A reference could “move” in a case something like this:
function A
type T
function B(T)
References are offsets from the base of the unit, so if function A is removed, the offset of type T will change, and so the reference from function B would have to be updated. We can sidestep this if we guarantee that type T appears in the unit before any function that might be removed.
Offhand there are two places where a function reference happens: references from concrete inlined subprograms to the abstract function, and the call-site stuff. Hand-wave away the call-site stuff, and we’re left with the inlining stuff. In this case I’d think a reasonable plan would be to treat the abstract function instance like a type, and put it before any concrete functions.

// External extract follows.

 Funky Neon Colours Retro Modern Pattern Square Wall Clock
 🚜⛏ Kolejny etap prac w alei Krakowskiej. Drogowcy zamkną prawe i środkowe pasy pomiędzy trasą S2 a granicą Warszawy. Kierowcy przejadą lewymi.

Overall, then, we’d end up needing to split the DWARF into three parts.
First, you have the unit header, top-level DIE, and all your type information that isn’t selectively removed by the linker (or already emitted separately as type units). This part would also have the abstract instances of inlined functions. This part is always emitted. You need to arrange to have it end up being first in the post-linker output.

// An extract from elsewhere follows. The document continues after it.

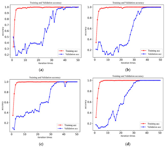 To check the accuracy and stability of the fault diagnosis of the CABA-GMNR-MAGRU model proposed in the paper in the various working environments, vibration signal datasets with a load of 0 hp–3 hp were used to verify the model. The training environment and other configurations were the same as above. Under each load, the model proposed in this paper was used for 50 iterations, and the precision lines of the model in the four load environments were obtained, as shown in Figure 9.

Second, you have your per-function constructs. These ought to be self-contained, except for references to types and abstract functions, which are all in the first part, so those references can remain constant offsets from the top of the compile unit. Because these need to be self-contained, any namespace wrappers would need to be repeated per function. And to get the dead-stripping done correctly, each DWARF fragment would be in the same COMDAT as the function’s .text section.

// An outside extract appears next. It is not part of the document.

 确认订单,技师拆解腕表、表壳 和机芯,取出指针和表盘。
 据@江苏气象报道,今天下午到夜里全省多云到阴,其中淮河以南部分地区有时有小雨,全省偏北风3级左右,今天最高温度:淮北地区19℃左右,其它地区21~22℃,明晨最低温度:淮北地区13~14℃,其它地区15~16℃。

Third, you need the final closing NULL (terminating the list of children of the compile-unit DIE) which also has a label so the final size of the compile unit can be computed correctly (this size lives in the compile-unit header).
Currently in LLVM, DWARF gets emitted pretty much on-demand, meaning types and functions (concrete and abstract) can be intermixed willy-nilly. It’s likely to require a real lot of effort to rework that into the types-versus-functions organization.
This of course is talking only about the .debug_info section, and there are lots of other sections with per-function contributions. Those are trickier, but also tend to be much smaller, so it might be reasonable to just hand-wave those away as not worth the extra effort.
James might have other observations or recollections from doing the actual experiment.